C) Then, all these samples went into process C (a pressure step in a chamber).This chamber is bigger than the oven used for process B so 18 samples can be processed per run for total 6 runs, C1, C2…C6 (18*6=108). Each C batch contained samples from three B batches. Samples of same thickness were grouped together as much as possible, except for final batch C6 which contained left over A1 thickness from process B (B13) and left over A2 thickness from process B (B17,B18).
After that, all samples were measured for parameter X. I’d like to find out how thickness, b-to-b variation in process B and process C affect X.
Or to further simplify and narrow down, since C1-C4 contains only thickness A1, the question could just be asked as to how much variation seen in X were from b-to-b variation of process B or C at thickness A1? Maybe a two-way ANOVA? But I’d like to learn how to use multi-way (>3) ANOVA because I also have other process problems with more factors.

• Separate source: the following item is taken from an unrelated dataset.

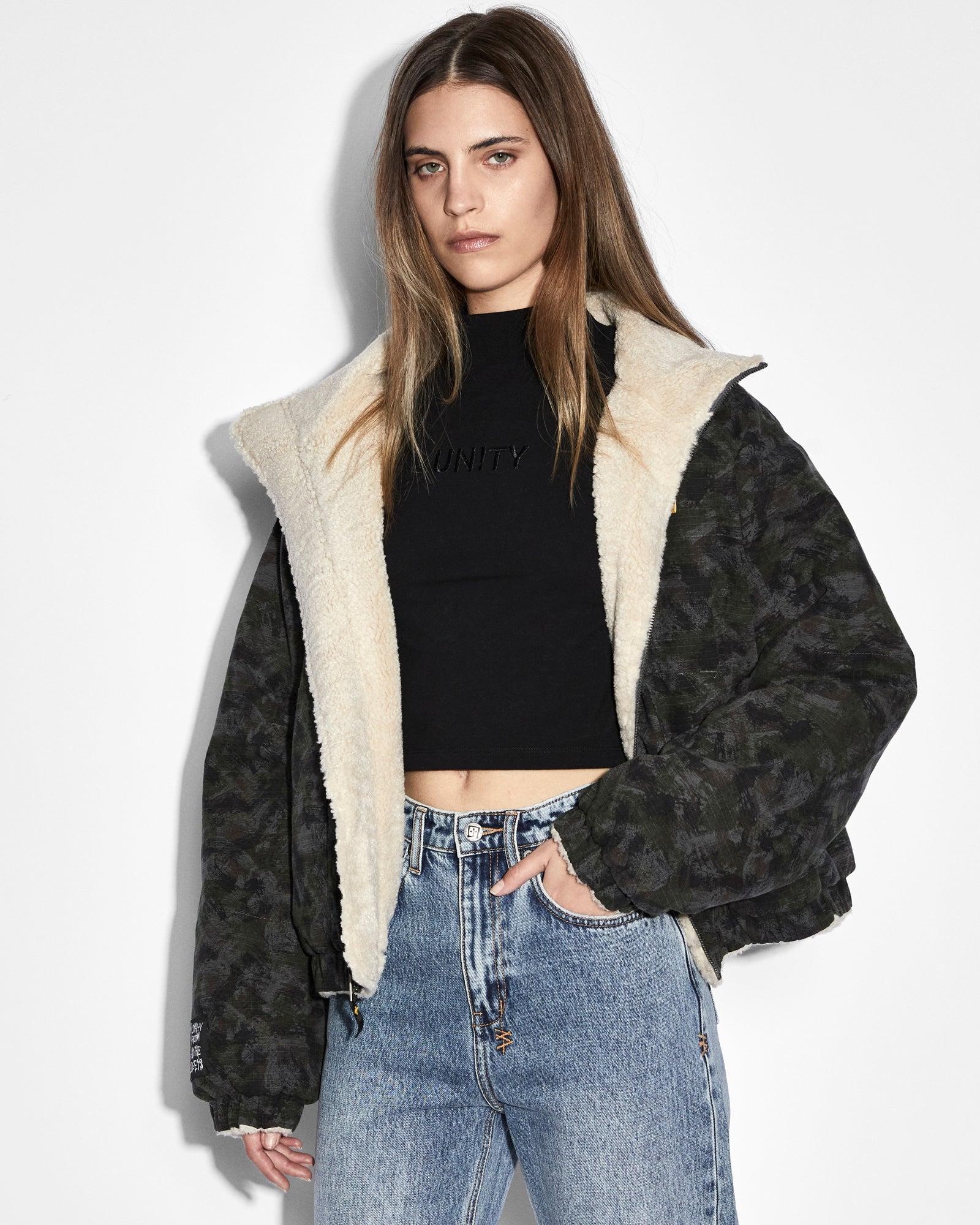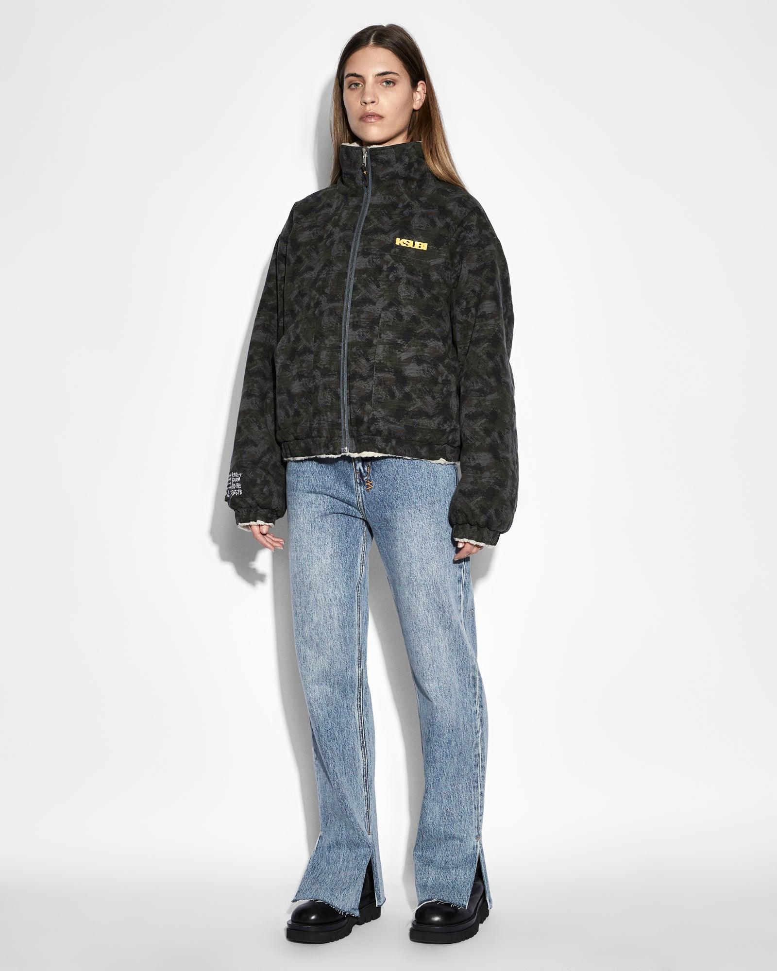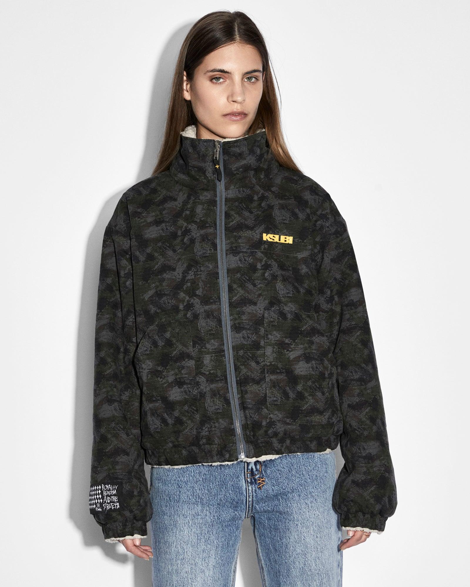 The Reversible Puffer Jacket Camo/Ecru is an oversized, zip through puffer jacket: one side is made from premium ripstop fabric with an exclusive camo print whilst the reverse side is an ecru fleece. This jacket is designed with a lightly padded body and sleeves featuring a Ksubi 'Sign of The Times' silicone logo print on the camo side and an embroidered logo patch on the ecru side. Dry clean only.

Thanks so much and look forward to hearing from you or any experts!
Because of the confounding issue, the only thing I can think of is a mixed model approach. I really can't see any other way to pull out what you want. In any case, here are some more thoughts. I really think Process B and Process C are random effects--for instance, in Process C, instances 1 through 4, is there ever any reason to believe that C1 has a different mean from C2? I think that the different instances of the process would only add variability, rather than some fixed amount. For process B, the same applies, and here we have a full separation, so that the variability added may be different for the two thicknesses.
I do not know how to do this in JMP, but I do know that there is a mixed model estimation procedure available. From picklists, I would include A as a fixed effect, and B, C, and the interaction of A and B as random effects. It may also be possible to include the interaction of A and C, but C6 complicates matters somewhat. With some simulated data, I was able to do the analysis in SAS, but the interaction random effects are just a problem. You can't delete C6 from the analysis, as then you only have one batch (C5) with A2. The best I was able to do was
proc glimmix data=one;
class a b c;
random b /solution group=a;
I hope there is an equivalent in JMP--perhaps others can "jump" in and help.